I'm not sure what your reasons are for not wanting to use plastic (food safety or ethical reasons or both) but I would still go with the spinner.

Personally, I think that it uses less resourced to spin the lettuce (even if the spinner is plastic) than to wash the towels. I've been using the same spinner for years, it was my parents and it is over 30 years old and still works great!

I wouldn't use the washer, that is way overkill unless you are washing lettuce for 100 people.

Sometimes when I feel lazy, I wash the lettuce, shake it out, lay it on a tea towel, roll it up and put it in the crisper. It stays fresh pretty well this way.


----------



## elisent

People dry lettuce? I've never heard of that but I suppose it would be better.

I had no clue. The only person I've ever seen make a salad was my mother. She would rinse the lettuce and then throw it in the salad bowl. Of course, she also only used iceberg lettuce and the only other veggies we had were frozen peas and corn.


----------



## cristeen

Shake it really well over the sink, then lay it on either a flour sack or waffle weave towel, roll the towel up and stick it in the fridge.

Honestly though, I just bought a salad spinner, even though I'm trying to limit plastic... ultimately it saves me a fair bit of time and effort.


----------



## mumm

Quote:


Originally Posted by *Cranberry* 
I put it on a dish towel, roll it up and press. Then I put the lettuce in a dry dish towel and place it in the refrigerator to get crisp.

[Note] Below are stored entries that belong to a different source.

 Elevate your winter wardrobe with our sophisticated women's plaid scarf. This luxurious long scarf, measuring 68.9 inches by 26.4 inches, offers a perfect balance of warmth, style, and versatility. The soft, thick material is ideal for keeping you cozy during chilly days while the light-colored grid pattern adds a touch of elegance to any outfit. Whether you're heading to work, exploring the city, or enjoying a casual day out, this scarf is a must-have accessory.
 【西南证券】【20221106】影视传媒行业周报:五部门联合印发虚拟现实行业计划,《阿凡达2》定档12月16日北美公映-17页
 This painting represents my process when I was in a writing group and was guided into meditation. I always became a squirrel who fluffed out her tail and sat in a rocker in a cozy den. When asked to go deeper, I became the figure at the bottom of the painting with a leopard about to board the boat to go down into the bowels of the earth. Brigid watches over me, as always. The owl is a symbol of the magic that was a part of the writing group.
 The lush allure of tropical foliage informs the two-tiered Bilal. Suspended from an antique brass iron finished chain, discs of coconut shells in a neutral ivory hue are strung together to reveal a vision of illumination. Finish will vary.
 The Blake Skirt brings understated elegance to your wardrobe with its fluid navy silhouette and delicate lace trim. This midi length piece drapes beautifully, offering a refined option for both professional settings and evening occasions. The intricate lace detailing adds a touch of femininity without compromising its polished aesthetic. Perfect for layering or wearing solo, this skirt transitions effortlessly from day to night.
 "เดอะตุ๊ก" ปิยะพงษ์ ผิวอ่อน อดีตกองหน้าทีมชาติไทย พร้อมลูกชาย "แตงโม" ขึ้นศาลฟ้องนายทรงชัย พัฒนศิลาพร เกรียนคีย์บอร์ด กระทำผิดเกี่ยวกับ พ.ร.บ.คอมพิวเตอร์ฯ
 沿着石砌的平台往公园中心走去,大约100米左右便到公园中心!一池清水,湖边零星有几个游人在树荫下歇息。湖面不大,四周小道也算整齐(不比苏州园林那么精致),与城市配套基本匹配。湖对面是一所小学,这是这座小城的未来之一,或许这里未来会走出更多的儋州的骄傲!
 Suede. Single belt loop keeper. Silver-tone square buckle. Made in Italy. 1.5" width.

And I don't wash the towel after, just let it dry. Its only water.


----------



## Slabobbin

Quote:


Originally Posted by *SoHappy* 
I'd love to know how you avoid plastic completely. Do you not buy bread, cereal, crackers, cheese, yogurt or other packaged foods? No shampoo, dishsoap, rubbing alcohol, etc?

It is impossible (imo) to completely avoid plastics. The computer I am typing on has plastic components. But when it comes to my kitchen, I do try to be as close to 100% plastic free as possible.

As for the other items listed, I don't always hit it perfect but I try to make my own bread and yogurt. I try to avoid cereal (for reasons other than plastic) but I do end up purchasing some things that come in plastic. When I do so, I make sure it is a plastic that can be recycled in our recycling (they only take numbers 1 and 2) and I try to buy in bulk or buy concentrated items so as to not have to buy more plastic than possible.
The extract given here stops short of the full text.